- _EXERCISE BRIEF_
Print every record exactly, omitting all pictures.

- _INPUT RECORDS_
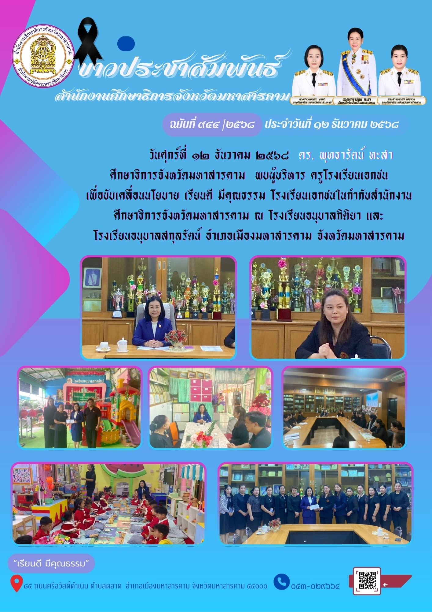 กิจกรรม วันศุกร์ที่ ๑๒ ธันวาคม ๒๕๖๘ ดร. พุทธารัตน์ ทะสา ศึกษาธิการจังหวัดมหาสารคาม พบผู้บริหาร ครูโรงเรียนเอกชน เพื่อขับเคลื่อนนโยบาย เรียนดี มีคุณธรรม โรงเรียนเอกชนในกำกับสำนักงานศึกษาธิการจังหวัดมหาสารคาม ณ โรงเรียนอนุบาลกิติยา และโรงเรียนอนุบาลสกุลรัตน์ อำเภอเมืองมหาสารคาม จังหวัดมหาสารคาม Posted on 15 December 2025 by admin (kittitat) admin (kittitat) วันศุกร์ที่ ๑๒ ธันวาคม ๒๕๖๘ เวลา ๑๗.๐๐ น. ดร. พุทธารัตน์ ทะสา ศึกษาธิการจังหวัดมหาสารคาม พร้อมด้วย นางอรดี วรรณคำ ผู้อำนวยการกลุ่มพัฒนาการศึกษา เข้าร่วมพิธีบำเพ็ญกุศลปัญญาสมวาร ๕๐ วัน เพื่ออุทิศถวายเป็นพระราชกุศล สมเด็จพระนางเจ้าสิริกิติ์ พระบรมราชินีนาถ พระบรมราชชนนีพันปีหลวง ณ วัดปัจฉิมทัศน์ ตำบลตลาด อำเภอเมืองมหาสารคาม จังหวัดมหาสารคาม โดยมี นายสมเกียรติ วิริยะกุลนันท์ รองผู้ว่าราชการจังหวัดมหาสารคาม เป็นประธานฝ่ายฆราวาส วันที่ 14 ธันวาคม 2568 ดร.พุทธารัตน์ ทะสา ศึกษาธิการจังหวัดมหาสารคาม มอบหมายให้ นางสาวผกาณิต พูลทวี รองศึกษาธิการจังหวัดมหาสารคาม พร้อมด้วย นางสาวธัญญลักษณ์ รัตนแสนศรี นักวิเคราะห์นโยบายและแผนชำนาญการ เข้าร่วมพิธีบำเพ็ญ พระราชกุศลพระราชทานในการออกเมรุ ของ พลทหาร ธนกร สิงหาชาติ ณ ศาลาบำเพ็ญกุศล วัดบ้านเหล่าสุขธัมมาราช ตำบลเม็คดำ อำเภอพยัคภูมิพิสัย จังหวัดมหาสารคาม จัดโดยสำนักงานจังหวัดมหาสารคาม ได้รับเกียรติจากนายกองเอก เสนีย์ มะโน รองผู้ว่าราชการจังหวัดมหาสารคาม เป็นประธาน
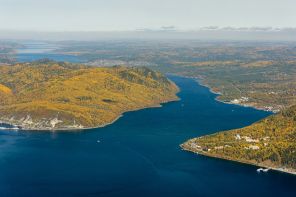 На фото: озеро Байкал. Устье реки Ангара. В Байкал впадает больше 300 крупных рек, мелких речушек и водотоков. Почти половину воды Байкалу приносит река Селенга. А вытекает из озера всего одна река — Ангара.
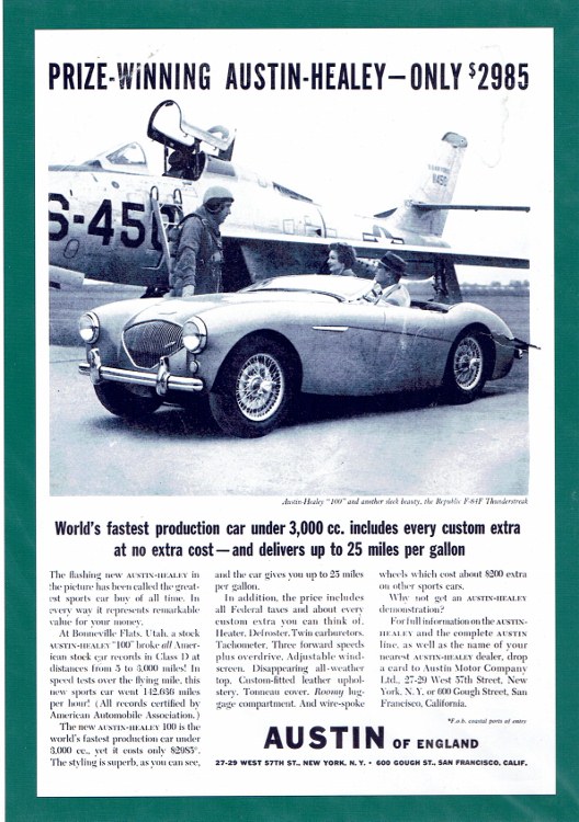 Austin of America " Austin of England " , my car had that badge on the rear, this would be 1953, ater the car was shown at the 1952 Earls Court, London Motor Show as a Healey then Leonard Lord head of Austin that became the fledgling BMC. Lord had it Austin - Healey badged, they raised the headlights slightly from the prototypes.
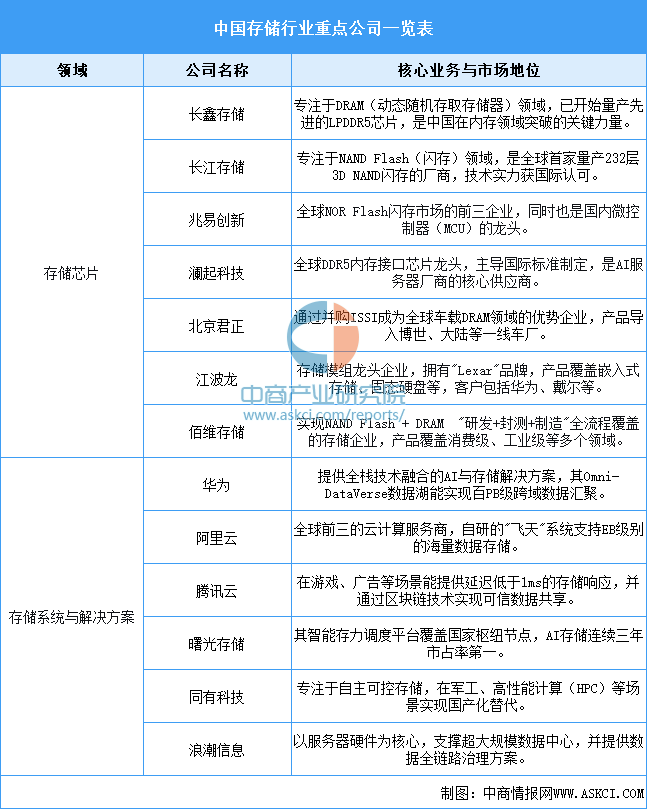 中国的存储行业公司主要分为两大阵营,分别是专注于底层存储芯片研发设计的企业,以及面向应用的大数据存储系统与解决方案提供商。下面表格汇总了这两个方向的重点公司及其核心业务:
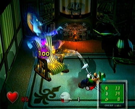 Tout au long de l’aventure, vous allez devoir nettoyer le manoir de tout ses fantômes à l’aide de votre…. aspirateur. Très comique, cette arme s’utilise comme les rayons des Ghostbusters, dont le clin d’œil est clairement affiché ! Chaque fantôme possède une « barre de vie » exprimée en nombre, et il faut que vous aspiriez le fantôme jusqu’à ce que ce nombre tombe à 0 pour que le fantôme soit capturé ; naturellement, plus ce nombre sera élevé, plus le fantôme sera coriace !
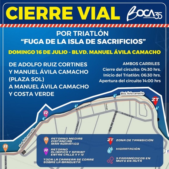 Por triatlón “Fuga de la Isla de Sacrificios”, este domingo 16 de julio se mantendrá cerrado el blvd. Manuel Álvila Camacho (ambos carriles) de Plaza Sol a Costa Verde. Cierre del circuito: 4:30 hrs. Inicio de triatlón: 6:30 hrs. Apertura de vialidad: 14:00 hrs. Te recomendamos tomar vías alternas. 🚘 #Boca35Aniversario #LoMejordeVeracruz |
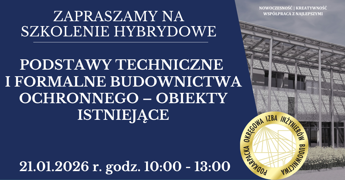 | Szkolenie hybrydowe PDK OIIB - Podstawy techniczne i formalne budownictwa ochronnego - obiekty istniejące - 21.01.2026 r. |
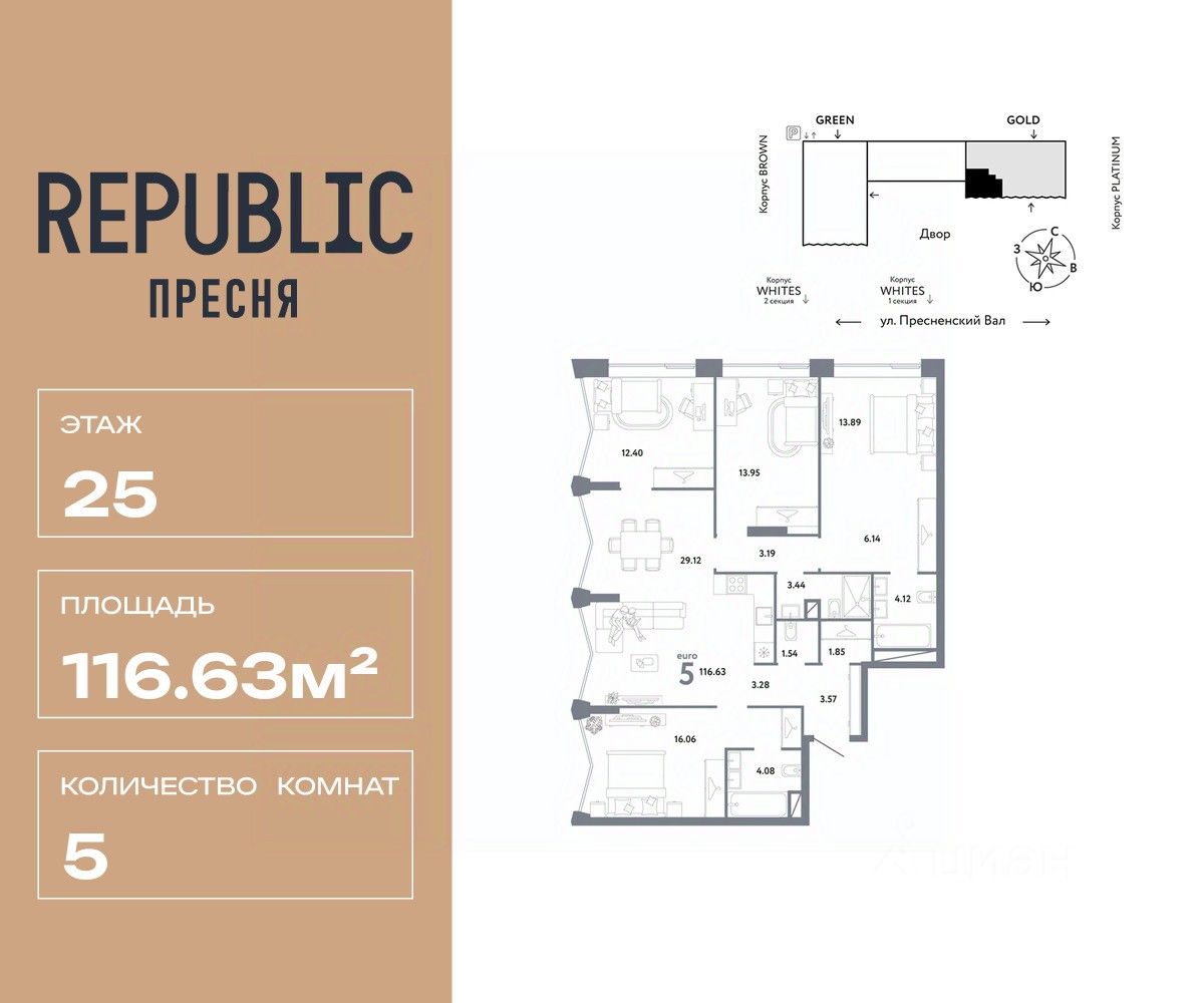 Продается 5комнатная квартира на 25 этаже от застройщика Страна Девелопмент. Площадь квартиры 116,63 кв. м.
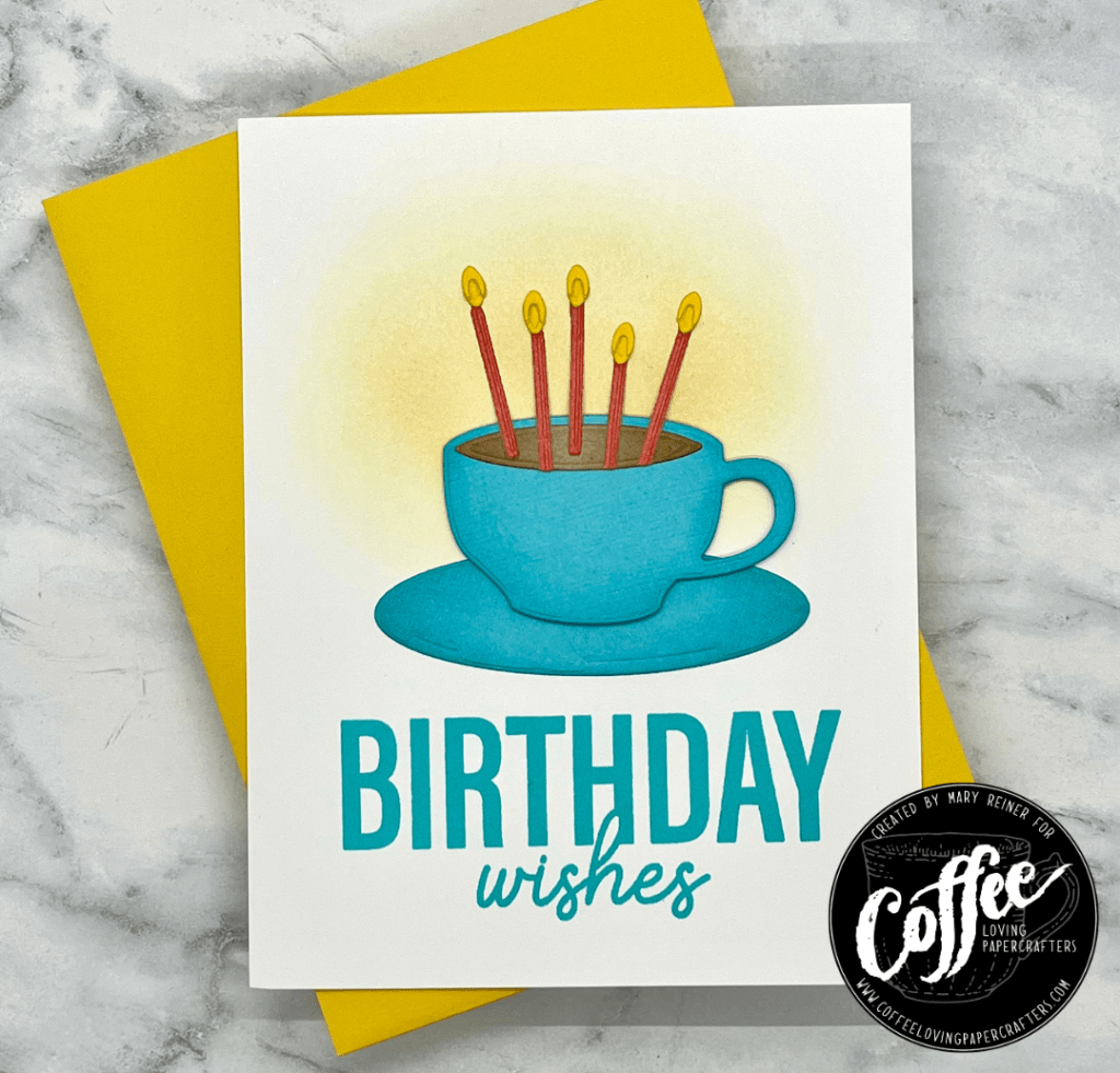 To create this card, I started by adding a little bit of Honey ink to a white A2 panel. Next, I die cut all of the pieces out of colored card stock, inked the edges a bit, and assembled them. I decided upon the placement of the cup and then determined where to stamp the sentiment. I stamped the sentiment in Surf ink and adhered the cup to the base. Foam squares were added to the cup for dimension. Yellow Wink of Stella was added to the flames for sparkle. This birthday card came together easily.
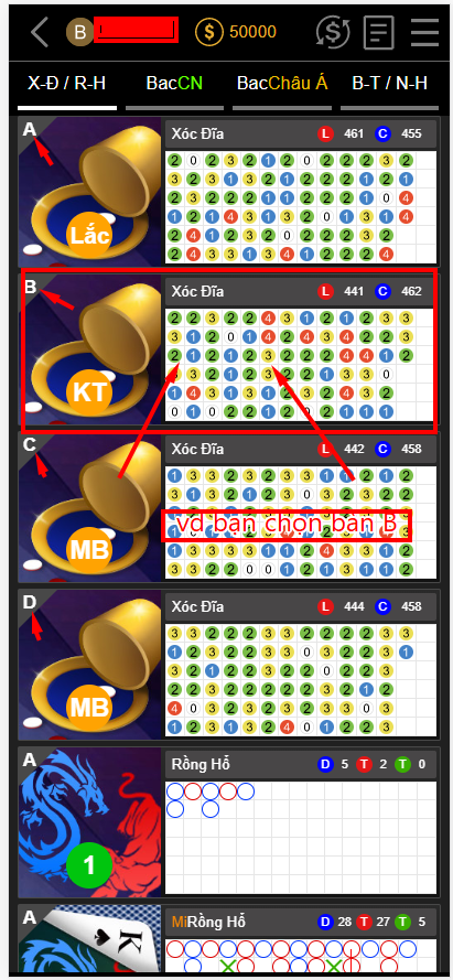 ♣ Bước 2: Có 4 bàn xóc đĩa là A B C D bạn chọn 1 trong 4 bàn để chơi
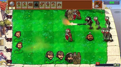5、除了植物方得到了加强之外,僵尸方也得到了一定幅度的增强,例如手持机枪的僵尸会快速削减植物的生命。
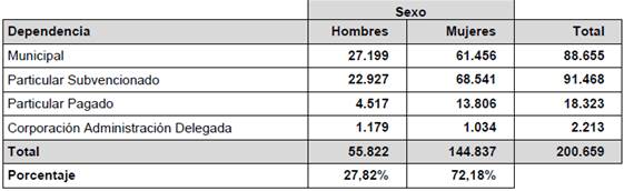 Esto impone la necesidad de examinar las características generales de quienes serán profesores y profesoras, en función de su impresión acerca del sistema educativo y las motivaciones personales que los impulsaron a ingresar a dicho campo laboral. Ahora bien, en el sistema formal se sabe que la docencia es una profesión altamente feminizada, donde el porcentaje de varones en ejercicio no supera el 30% del profesorado a nivel nacional. De igual forma, en nuestro país la mayoría de los y las estudiantes (68%) que cursan carreras pedagógicas son mujeres (Bravo, Peirano y Falck, 2006). La relación de docentes según sexo se puede apreciar en el Cuadro 1:

- _RESPONSE TO THE EXERCISE_
 กิจกรรม วันศุกร์ที่ ๑๒ ธันวาคม ๒๕๖๘ ดร. พุทธารัตน์ ทะสา ศึกษาธิการจังหวัดมหาสารคาม พบผู้บริหาร ครูโรงเรียนเอกชน เพื่อขับเคลื่อนนโยบาย เรียนดี มีคุณธรรม โรงเรียนเอกชนในกำกับสำนักงานศึกษาธิการจังหวัดมหาสารคาม ณ โรงเรียนอนุบาลกิติยา และโรงเรียนอนุบาลสกุลรัตน์ อำเภอเมืองมหาสารคาม จังหวัดมหาสารคาม Posted on 15 December 2025 by admin (kittitat) admin (kittitat) วันศุกร์ที่ ๑๒ ธันวาคม ๒๕๖๘ เวลา ๑๗.๐๐ น. ดร. พุทธารัตน์ ทะสา ศึกษาธิการจังหวัดมหาสารคาม พร้อมด้วย นางอรดี วรรณคำ ผู้อำนวยการกลุ่มพัฒนาการศึกษา เข้าร่วมพิธีบำเพ็ญกุศลปัญญาสมวาร ๕๐ วัน เพื่ออุทิศถวายเป็นพระราชกุศล สมเด็จพระนางเจ้าสิริกิติ์ พระบรมราชินีนาถ พระบรมราชชนนีพันปีหลวง ณ วัดปัจฉิมทัศน์ ตำบลตลาด อำเภอเมืองมหาสารคาม จังหวัดมหาสารคาม โดยมี นายสมเกียรติ วิริยะกุลนันท์ รองผู้ว่าราชการจังหวัดมหาสารคาม เป็นประธานฝ่ายฆราวาส วันที่ 14 ธันวาคม 2568 ดร.พุทธารัตน์ ทะสา ศึกษาธิการจังหวัดมหาสารคาม มอบหมายให้ นางสาวผกาณิต พูลทวี รองศึกษาธิการจังหวัดมหาสารคาม พร้อมด้วย นางสาวธัญญลักษณ์ รัตนแสนศรี นักวิเคราะห์นโยบายและแผนชำนาญการ เข้าร่วมพิธีบำเพ็ญ พระราชกุศลพระราชทานในการออกเมรุ ของ พลทหาร ธนกร สิงหาชาติ ณ ศาลาบำเพ็ญกุศล วัดบ้านเหล่าสุขธัมมาราช ตำบลเม็คดำ อำเภอพยัคภูมิพิสัย จังหวัดมหาสารคาม จัดโดยสำนักงานจังหวัดมหาสารคาม ได้รับเกียรติจากนายกองเอก เสนีย์ มะโน รองผู้ว่าราชการจังหวัดมหาสารคาม เป็นประธาน
 На фото: озеро Байкал. Устье реки Ангара. В Байкал впадает больше 300 крупных рек, мелких речушек и водотоков. Почти половину воды Байкалу приносит река Селенга. А вытекает из озера всего одна река — Ангара.
 Austin of America " Austin of England " , my car had that badge on the rear, this would be 1953, ater the car was shown at the 1952 Earls Court, London Motor Show as a Healey then Leonard Lord head of Austin that became the fledgling BMC. Lord had it Austin - Healey badged, they raised the headlights slightly from the prototypes.
 中国的存储行业公司主要分为两大阵营,分别是专注于底层存储芯片研发设计的企业,以及面向应用的大数据存储系统与解决方案提供商。下面表格汇总了这两个方向的重点公司及其核心业务:
 Tout au long de l’aventure, vous allez devoir nettoyer le manoir de tout ses fantômes à l’aide de votre…. aspirateur. Très comique, cette arme s’utilise comme les rayons des Ghostbusters, dont le clin d’œil est clairement affiché ! Chaque fantôme possède une « barre de vie » exprimée en nombre, et il faut que vous aspiriez le fantôme jusqu’à ce que ce nombre tombe à 0 pour que le fantôme soit capturé ; naturellement, plus ce nombre sera élevé, plus le fantôme sera coriace !
 Por triatlón “Fuga de la Isla de Sacrificios”, este domingo 16 de julio se mantendrá cerrado el blvd. Manuel Álvila Camacho (ambos carriles) de Plaza Sol a Costa Verde. Cierre del circuito: 4:30 hrs. Inicio de triatlón: 6:30 hrs. Apertura de vialidad: 14:00 hrs. Te recomendamos tomar vías alternas. 🚘 #Boca35Aniversario #LoMejordeVeracruz |
 | Szkolenie hybrydowe PDK OIIB - Podstawy techniczne i formalne budownictwa ochronnego - obiekty istniejące - 21.01.2026 r. |
 Продается 5комнатная квартира на 25 этаже от застройщика Страна Девелопмент. Площадь квартиры 116,63 кв. м.
 To create this card, I started by adding a little bit of Honey ink to a white A2 panel. Next, I die cut all of the pieces out of colored card stock, inked the edges a bit, and assembled them. I decided upon the placement of the cup and then determined where to stamp the sentiment. I stamped the sentiment in Surf ink and adhered the cup to the base. Foam squares were added to the cup for dimension. Yellow Wink of Stella was added to the flames for sparkle. This birthday card came together easily.
 ♣ Bước 2: Có 4 bàn xóc đĩa là A B C D bạn chọn 1 trong 4 bàn để chơi
5、除了植物方得到了加强之外,僵尸方也得到了一定幅度的增强,例如手持机枪的僵尸会快速削减植物的生命。
 Esto impone la necesidad de examinar las características generales de quienes serán profesores y profesoras, en función de su impresión acerca del sistema educativo y las motivaciones personales que los impulsaron a ingresar a dicho campo laboral. Ahora bien, en el sistema formal se sabe que la docencia es una profesión altamente feminizada, donde el porcentaje de varones en ejercicio no supera el 30% del profesorado a nivel nacional. De igual forma, en nuestro país la mayoría de los y las estudiantes (68%) que cursan carreras pedagógicas son mujeres (Bravo, Peirano y Falck, 2006). La relación de docentes según sexo se puede apreciar en el Cuadro 1:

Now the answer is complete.